> WHAT IS NEEDED: Your copy should start at the line with "Organizată de Institutul" and end at the line with "En myk plakat" in the data below. Transcribe only those lines, exactly, pictures excluded.

____ SUPPLIED INFORMATION

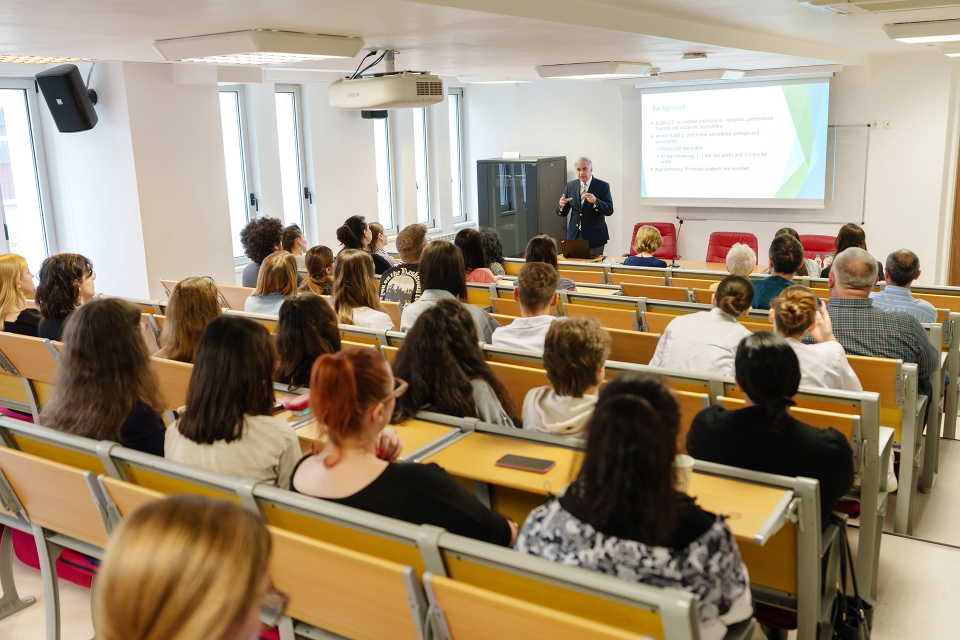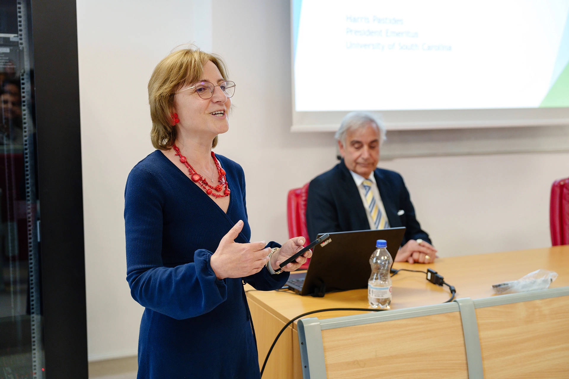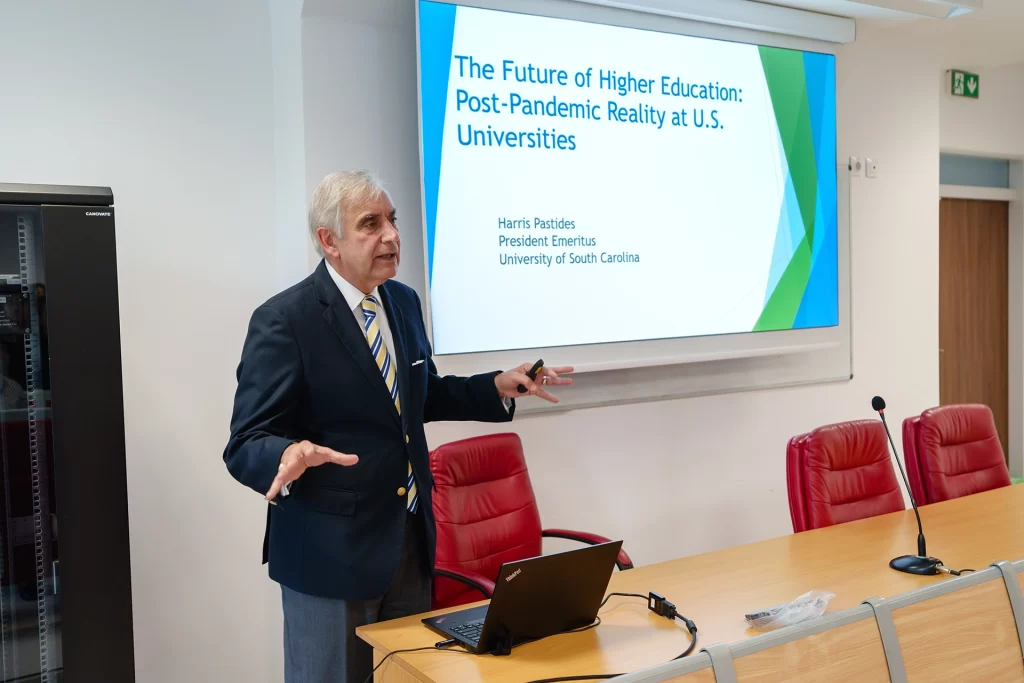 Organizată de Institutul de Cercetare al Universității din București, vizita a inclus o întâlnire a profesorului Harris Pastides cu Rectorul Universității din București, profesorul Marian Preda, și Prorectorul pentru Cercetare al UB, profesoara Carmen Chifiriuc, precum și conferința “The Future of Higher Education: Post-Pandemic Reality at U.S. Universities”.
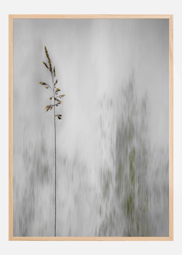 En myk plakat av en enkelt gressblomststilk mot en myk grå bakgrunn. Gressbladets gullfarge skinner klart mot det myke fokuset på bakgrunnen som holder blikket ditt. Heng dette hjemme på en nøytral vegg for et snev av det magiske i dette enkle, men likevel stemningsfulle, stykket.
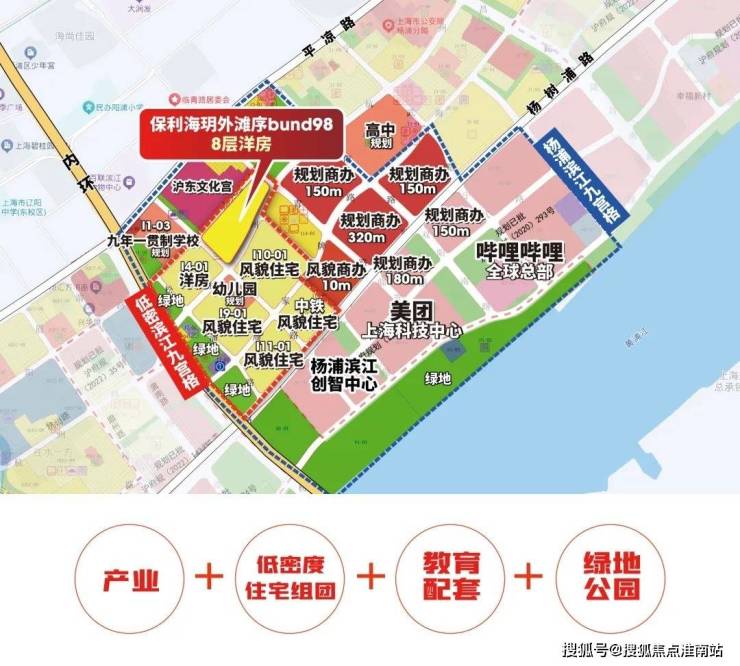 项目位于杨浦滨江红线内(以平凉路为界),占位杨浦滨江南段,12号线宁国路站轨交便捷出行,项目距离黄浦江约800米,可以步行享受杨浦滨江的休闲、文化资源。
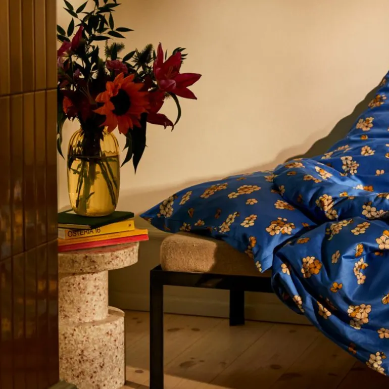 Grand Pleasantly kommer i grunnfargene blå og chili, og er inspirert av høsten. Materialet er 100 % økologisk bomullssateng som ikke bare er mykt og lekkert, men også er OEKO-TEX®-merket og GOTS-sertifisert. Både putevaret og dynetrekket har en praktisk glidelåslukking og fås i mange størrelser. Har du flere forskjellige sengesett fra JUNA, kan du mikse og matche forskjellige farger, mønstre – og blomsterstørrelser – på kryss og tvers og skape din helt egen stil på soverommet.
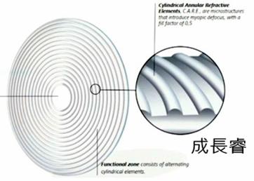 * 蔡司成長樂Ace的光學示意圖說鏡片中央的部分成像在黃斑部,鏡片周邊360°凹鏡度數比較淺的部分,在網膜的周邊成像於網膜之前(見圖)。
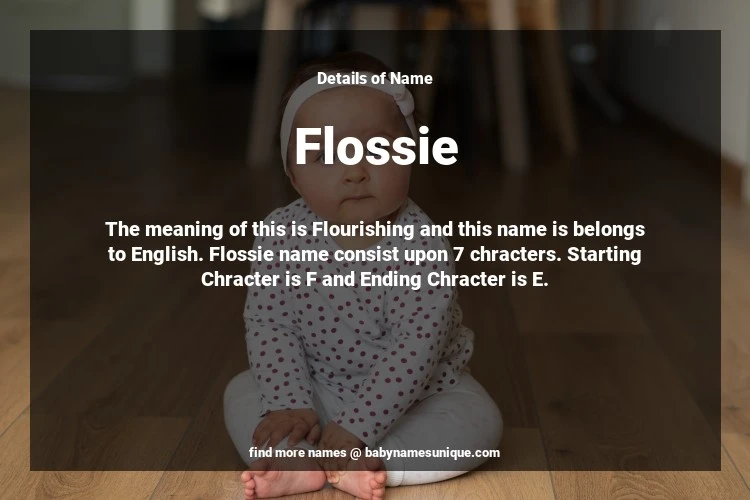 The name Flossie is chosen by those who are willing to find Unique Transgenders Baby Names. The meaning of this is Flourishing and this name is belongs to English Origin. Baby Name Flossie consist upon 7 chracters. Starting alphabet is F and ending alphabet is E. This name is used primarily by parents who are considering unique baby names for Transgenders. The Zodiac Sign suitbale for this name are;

________
____ SUPPLIED INFORMATION

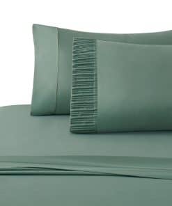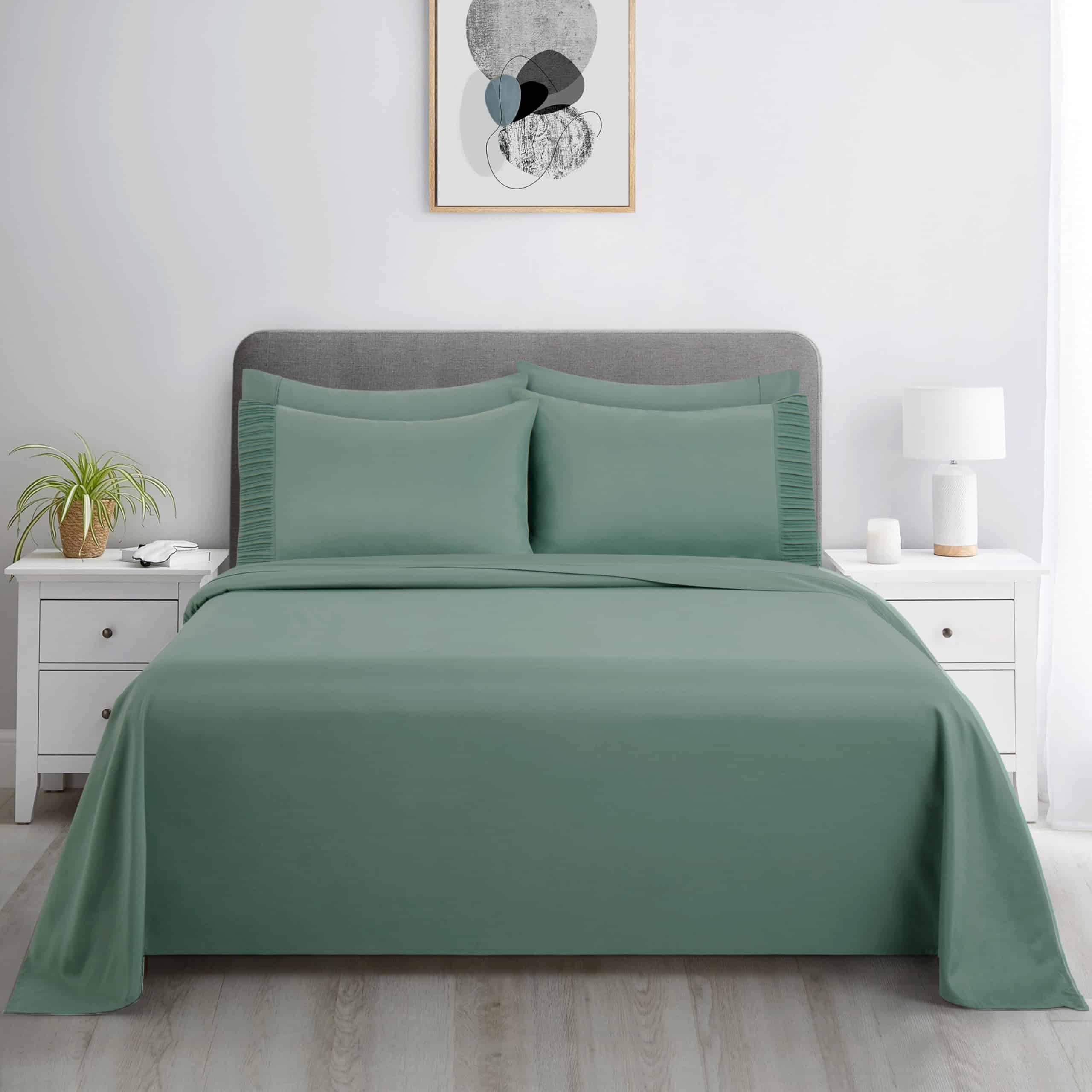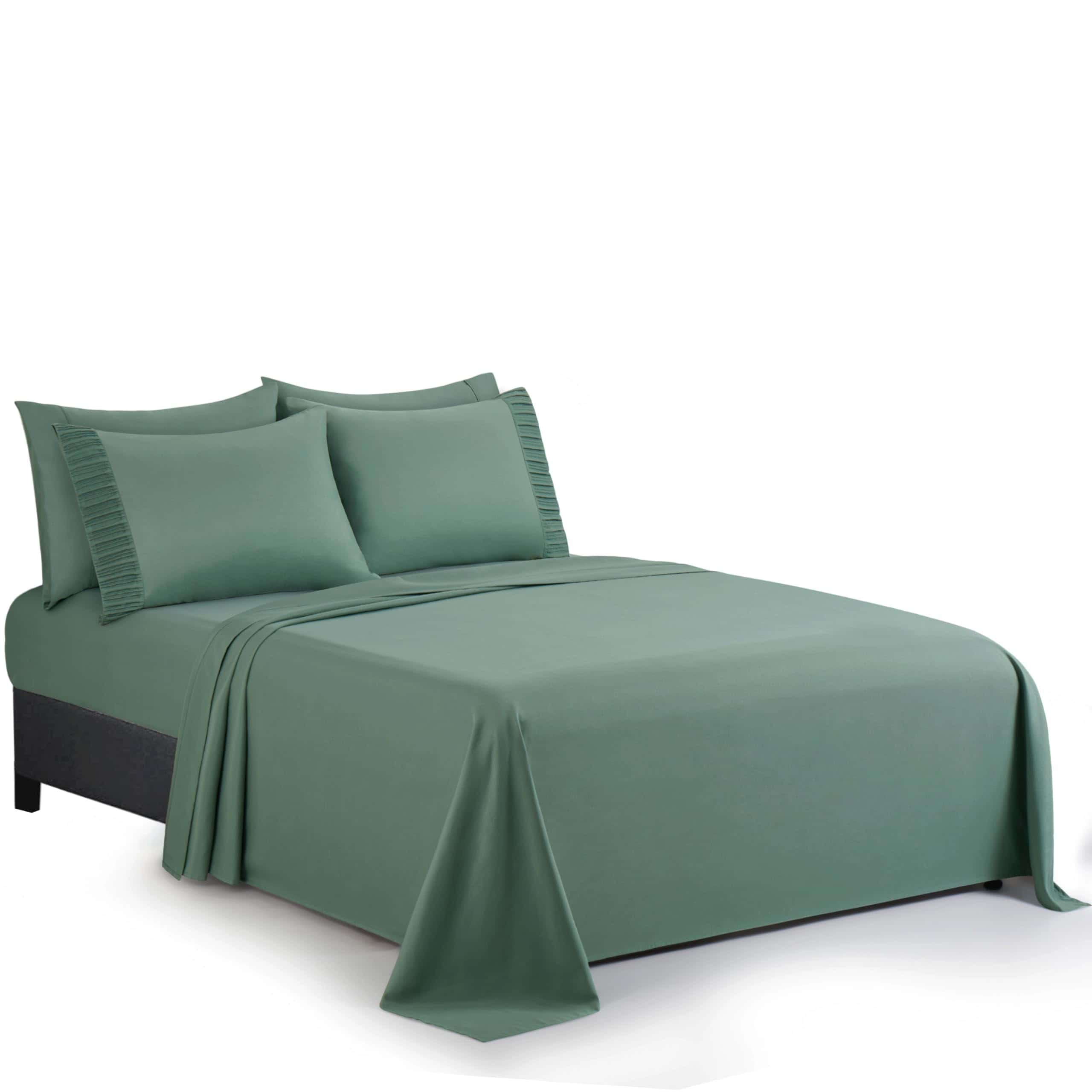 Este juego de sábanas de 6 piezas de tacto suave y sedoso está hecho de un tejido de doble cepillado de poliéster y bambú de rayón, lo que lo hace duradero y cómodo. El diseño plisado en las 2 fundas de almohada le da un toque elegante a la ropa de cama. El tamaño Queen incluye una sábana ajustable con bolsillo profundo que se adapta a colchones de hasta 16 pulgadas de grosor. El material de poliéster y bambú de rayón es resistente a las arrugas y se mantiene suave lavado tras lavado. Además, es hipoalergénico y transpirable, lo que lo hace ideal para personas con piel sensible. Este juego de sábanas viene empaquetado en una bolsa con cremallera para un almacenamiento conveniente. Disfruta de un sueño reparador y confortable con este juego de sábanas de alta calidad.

________
____ SUPPLIED INFORMATION

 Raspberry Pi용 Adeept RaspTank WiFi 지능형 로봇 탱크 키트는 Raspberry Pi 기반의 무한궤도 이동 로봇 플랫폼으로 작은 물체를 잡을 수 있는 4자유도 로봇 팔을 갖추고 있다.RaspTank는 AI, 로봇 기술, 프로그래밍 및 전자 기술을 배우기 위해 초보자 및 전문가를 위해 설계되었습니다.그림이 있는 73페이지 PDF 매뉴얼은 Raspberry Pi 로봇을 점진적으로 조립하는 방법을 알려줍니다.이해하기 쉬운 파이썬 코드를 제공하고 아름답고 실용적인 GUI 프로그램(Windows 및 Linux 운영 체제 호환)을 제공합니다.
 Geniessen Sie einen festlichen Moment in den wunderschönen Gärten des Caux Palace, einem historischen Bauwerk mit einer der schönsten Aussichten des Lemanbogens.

________

> FINISHED EXERCISE:
 Organizată de Institutul de Cercetare al Universității din București, vizita a inclus o întâlnire a profesorului Harris Pastides cu Rectorul Universității din București, profesorul Marian Preda, și Prorectorul pentru Cercetare al UB, profesoara Carmen Chifiriuc, precum și conferința “The Future of Higher Education: Post-Pandemic Reality at U.S. Universities”.
 En myk plakat av en enkelt gressblomststilk mot en myk grå bakgrunn. Gressbladets gullfarge skinner klart mot det myke fokuset på bakgrunnen som holder blikket ditt. Heng dette hjemme på en nøytral vegg for et snev av det magiske i dette enkle, men likevel stemningsfulle, stykket.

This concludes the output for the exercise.